Clay Richards, anarchist blogger, writes about politics, art, sexuality and emerging digital realities. More poststructuralist than postmodern, politically incorrect to some, harshly critical to others, the Postmodern Anarchist believes in anarchy without anarchists, yet will freely discuss anarchism at the drop of a hat. Contact: postmodernanarchist(at)netweed(dot)com

The Postmodern Anarchist now resides at postmodernanarchist.com!

5/27/2004

Blog Update 

Every day I see articles that I want to post to this blog, partly because it's the only outlet I have for such things. I think there's a strong chance I'll be back in mid-June. If you want to know when I'm back without having to keep checking, please write to be on my return announcement list:

postmodernanarchist(at)netweed(dot)com

I will only use the email once for the purpose of letting you know I'm back.
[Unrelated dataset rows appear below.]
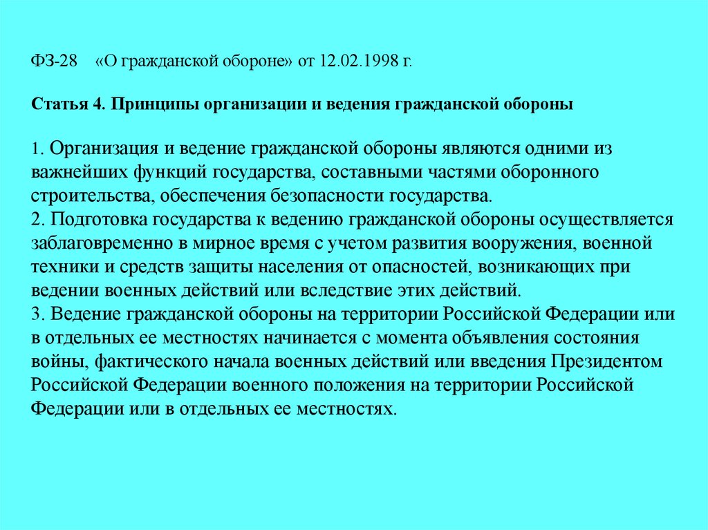 ФЗ-28 «О гражданской обороне» от 12.02.1998 г.Статья 4. Принципы организации и ведения гражданской обороны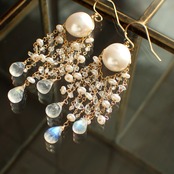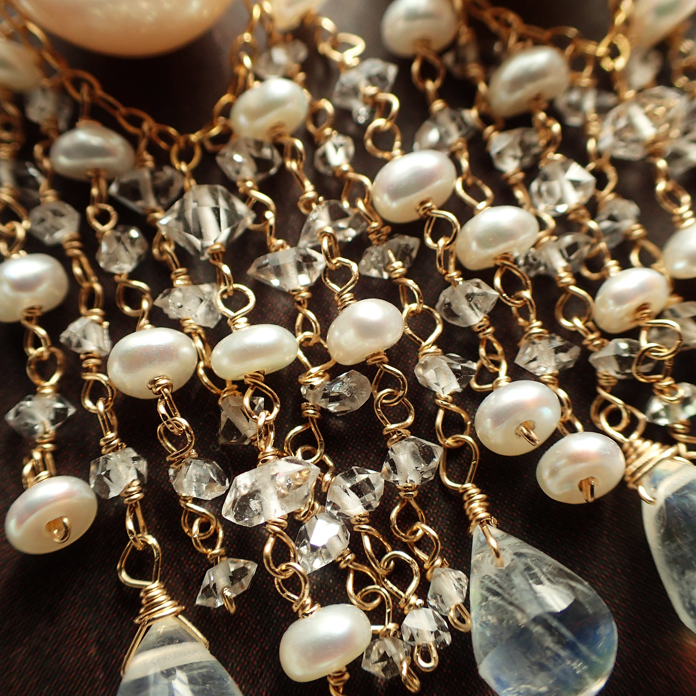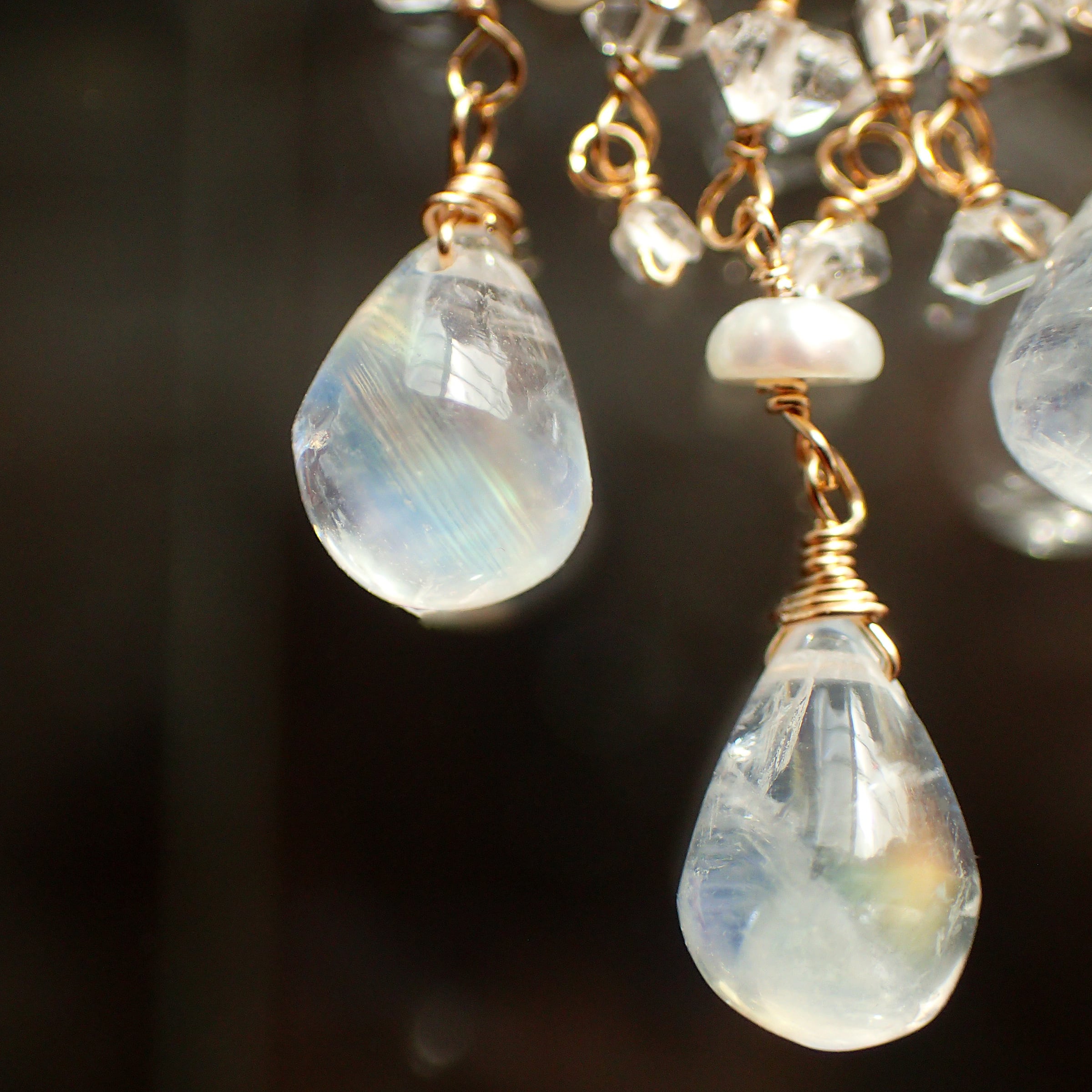 このシャンデリアピアスは、大小の淡水パール、極小のハーキマーダイヤモンド、涙型のレインボームーンストーンを使用した、雪がふる静かな夜のように美しいデザインが特長です。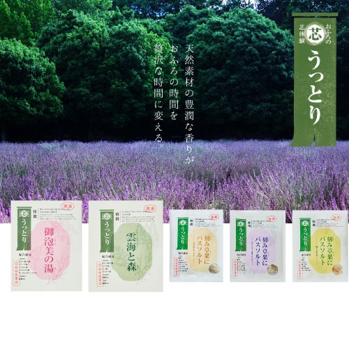 【芯までさっぱり】豊潤な香りが浴場いっぱいに立ち上がる、いつまでも湯に浸っていたくなるような麗しいシリーズです。天然素材の精油をはじめ自然の恵みが、おふろの時間を贅沢な時間に変えてくれます。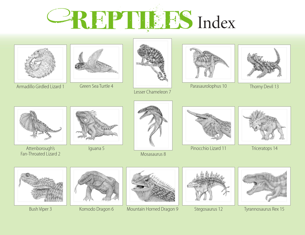 - Armadillo girdled lizard, Attenborough’s fan-throated lizard, Bush Viper, Green Sea Turtle, Iguana, Komodo Dragon, Lesser Chameleon, Mosasaurus, Mountain Horned Dragon, Parasaurolophus, Pinocchio Lizard, Stegosaurus, Thorny Devil, Triceratops, Tyrannosaurus Rex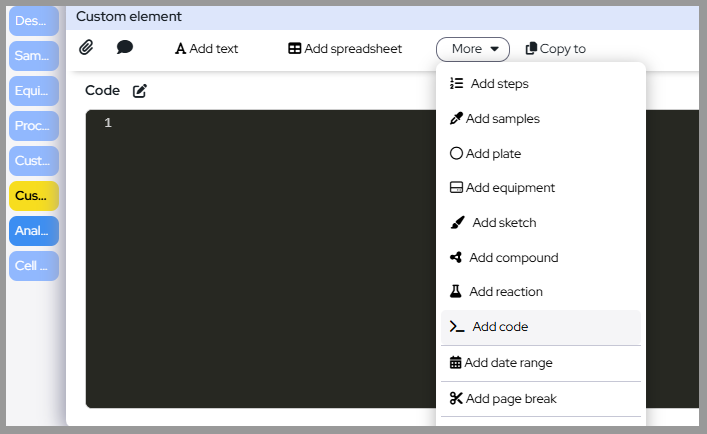Keep tack of the code you create in Labguru! You can add the code element and have easy access to your code, the results and any additional aspects of your work within a single experiment page.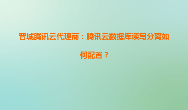 2025-08-04晋城腾讯云代理商:腾讯云数据库读写分离如何配置? 一、腾讯云数据库读写分离的核心优势 腾讯云数据库(TencentDB)提供高性能、高可用的读写分离能力,其核心优势包括: 自动负载均衡:通过...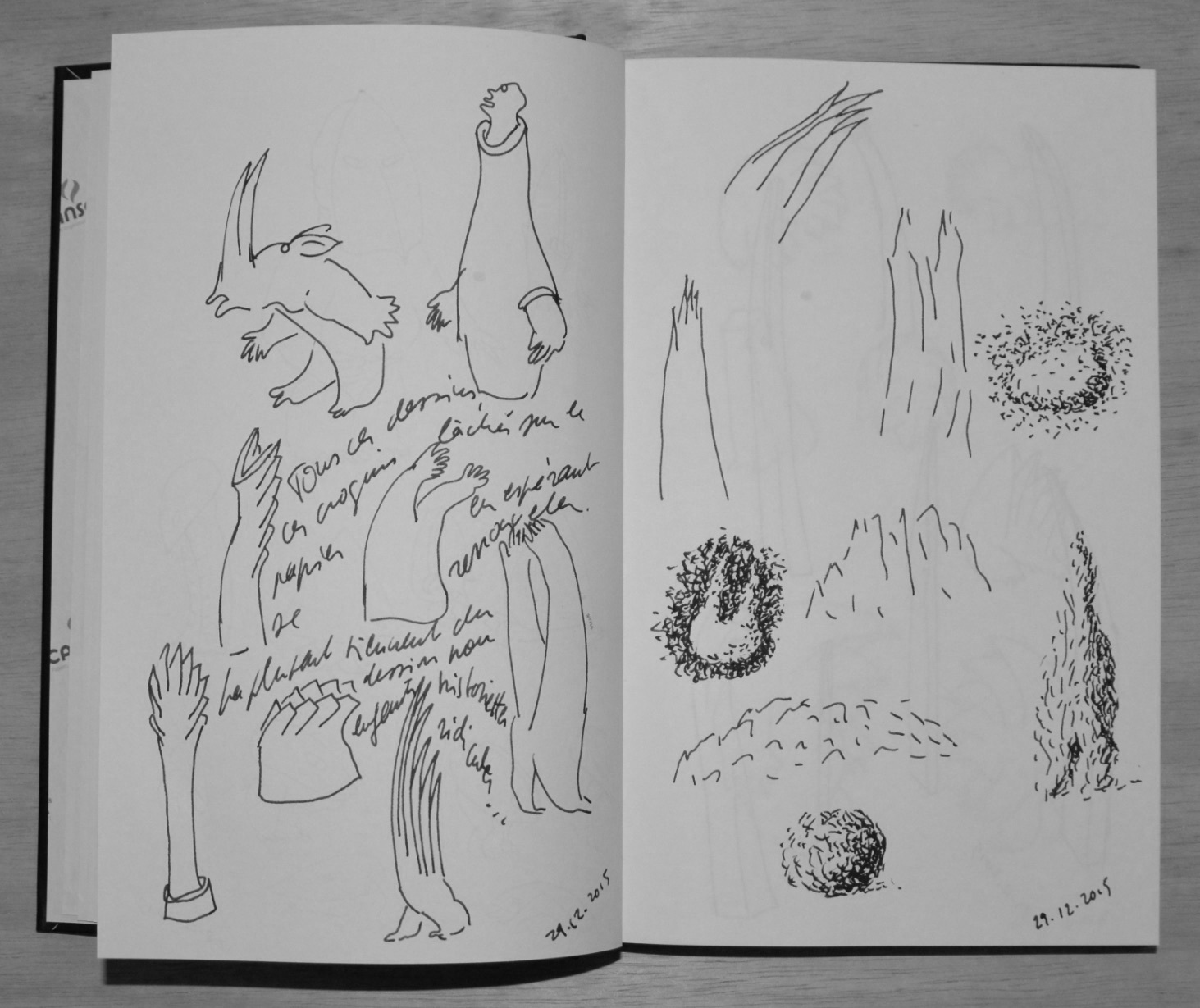 Incarnés depuis des décennies dans la pierre en taille directe, ils sortent maintenant de leurs carnets de croquis pour devenir dessins à part entière, se mettent à bouger dans des courts métrages d'animation ou en boucles projetées sur les oeuvres.

And it would be great if you could let me know why you care about my return because that will affect the future direction of the Postmodern Anarchist.

Clay

5/25/2004

The Postmodern Anarchist Takes A Vacation 

Full of conflicts, yet unable to continue, the Postmodern Anarchist takes a vacation in order to sort things out.

In mid June, I'll make an official statement about whether or not I'm going to continue with this weblog.

Although the entries I post come from a variety of sources, if you like the political news or the technology posts, you can get a lot of it at the following netweed pages:

Anarchy

Headline News

Tech News

Each of these pages has regularly updated headlines from excellent news sources plus links to other great resources. Also, the links in the right hand column will connect you to a variety of websites that focus on issues related to the Postmodern Anarchist.

Till soon.

5/22/2004

The Nonlinear Dangers of Global Warming 

Is it too late to stop global warming? Mark Lynas has a great article in the New Statesman that you can access without a subscription if you go to this article at Wired, scroll down to the "methane nightmare" section and click through on his name. There are multiple ways that global warming could fuck us up and they all occur in a nonlinear manner, in this case escalating rapidly and unexpectedly like cascade failure (you may have picked that one up on Star Trek).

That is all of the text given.